The Reserve Bank of India (RBI) has now directed CICs (which store the credit history of customers), banks, and finance companies to speed up data updation and offer compensation for delays – and to also alert customers about changes in their credit status.
Earlier in June 2023, RBI had slapped a total penalty of more than Rs 1 crore on four CICs for failing to update the credit information of borrowers.
In its Master Direction on Credit Information Reporting, the RBI has specified a penalty for the non-resolution of a complaint by a customer within a certain timeframe.
The RBI has said that CICs should send alerts by SMS/ email, wherever available, to customers when their credit information report (CIR) is accessed by specified users (SUs).
Also, CIs should send alerts through SMS/ email to customers while submitting information to CICs regarding default/ days past due (DPD) in existing credit facilities.
The RBI’s supervisory assessment had earlier raised concerns about the functioning of CICs, prompting the central bank to take steps to address these issues.
Delays in reporting updated credit information have become an issue in the country’s credit reporting system, with CICs relying solely on data fed by banks without verifying its accuracy.

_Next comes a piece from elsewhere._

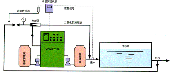 采用鹽酸與氯酸鈉定量注入到反應(yīng)釜內(nèi),反應(yīng)釜在加熱的情況下發(fā)生化學(xué)反應(yīng)生產(chǎn)二氧化氯與氯氣,再通過水射器吸入投加到消毒水體中。工藝采用負(fù)壓曝氣、正壓注入的技術(shù)來生產(chǎn)二氧化氯消毒液。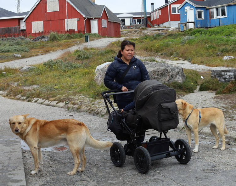 Inuit woman walks her baby in a stroller with her dogs.

This has led to numerous instances of incorrect information being reported, causing undue hardship to individuals. Despite requests from customers, these errors have not been reviewed or corrected, which shows a clear bias towards banks.
Also, the lack of transparency in the credit scoring system has left individuals in the dark about how their ratings are calculated. They are forced to periodically check their scores, verify transactions, and appeal against errors.
However, this process is often cumbersome and frustrating. Most customers are unaware of the significant role played by credit bureaus like CIBIL, which seems to be more focused on serving the interests of banks rather than individuals.
Four credit bureaus, or CICs, are authorised by the RBI: TransUnion CIBIL, CRIF High Mark, Equifax and Experian, all of which are majority-owned by foreign entities.
CIBIL, which is the market leader, has access to the credit information of 60 crore people, and has 2,400 members that include all types of lenders.
CIs include banks and NBFCs regulated by the RBI. They inform CICs about the credit status, including loan defaults, of customers.
A customer’s credit score is an indicator of how consistent she is with repaying debts. When a customer borrows from lenders like banks, the repayment information is sent to credit information companies that compute a credit score.
The higher your credit score, the better your chances of securing loans with favourable terms. Credit score is usually expressed as a number.
The CIBIL credit score has three digits, ranging from 300 to 900. 900 is the best score, and 750 or higher is considered to be a good credit score.